§ Problem to solve
Where a record contains a picture, omit it; otherwise reproduce the listing exactly.
START Data for review
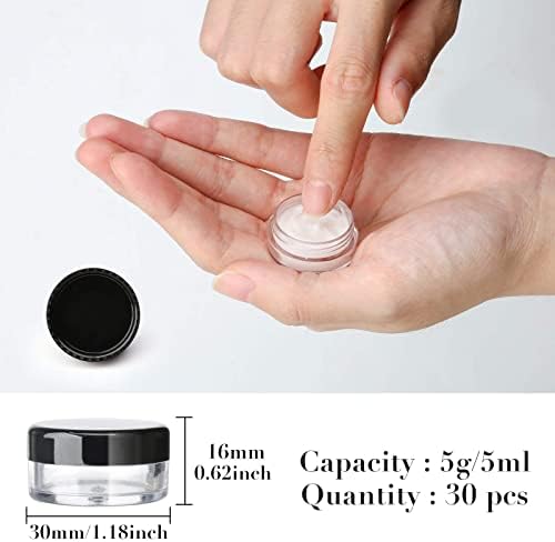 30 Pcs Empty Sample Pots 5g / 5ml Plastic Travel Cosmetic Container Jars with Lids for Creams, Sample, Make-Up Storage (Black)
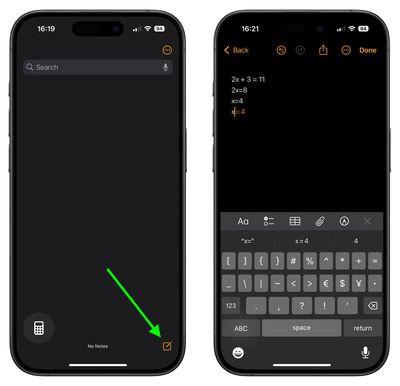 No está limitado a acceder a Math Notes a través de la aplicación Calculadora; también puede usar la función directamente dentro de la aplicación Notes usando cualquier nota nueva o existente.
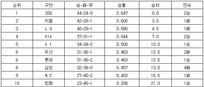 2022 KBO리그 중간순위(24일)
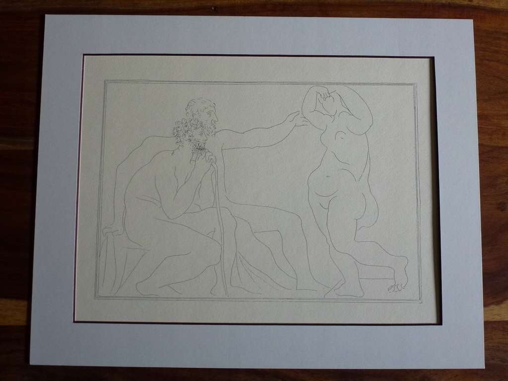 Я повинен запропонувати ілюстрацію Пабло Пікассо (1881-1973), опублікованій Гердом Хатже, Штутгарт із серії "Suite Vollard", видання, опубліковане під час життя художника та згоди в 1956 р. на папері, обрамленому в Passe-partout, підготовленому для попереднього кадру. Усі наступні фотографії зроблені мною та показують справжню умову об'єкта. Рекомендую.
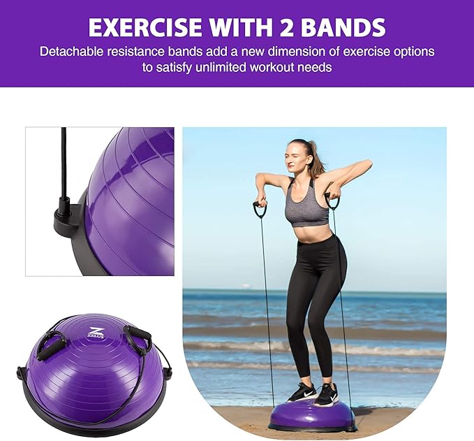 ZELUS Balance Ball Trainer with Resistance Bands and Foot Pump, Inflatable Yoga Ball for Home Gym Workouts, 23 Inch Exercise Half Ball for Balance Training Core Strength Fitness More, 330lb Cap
END Data for review
§ Solution to the problem
 30 Pcs Empty Sample Pots 5g / 5ml Plastic Travel Cosmetic Container Jars with Lids for Creams, Sample, Make-Up Storage (Black)
 No está limitado a acceder a Math Notes a través de la aplicación Calculadora; también puede usar la función directamente dentro de la aplicación Notes usando cualquier nota nueva o existente.
 2022 KBO리그 중간순위(24일)
 Я повинен запропонувати ілюстрацію Пабло Пікассо (1881-1973), опублікованій Гердом Хатже, Штутгарт із серії "Suite Vollard", видання, опубліковане під час життя художника та згоди в 1956 р. на папері, обрамленому в Passe-partout, підготовленому для попереднього кадру. Усі наступні фотографії зроблені мною та показують справжню умову об'єкта. Рекомендую.
 ZELUS Balance Ball Trainer with Resistance Bands and Foot Pump, Inflatable Yoga Ball for Home Gym Workouts, 23 Inch Exercise Half Ball for Balance Training Core Strength Fitness More, 330lb Cap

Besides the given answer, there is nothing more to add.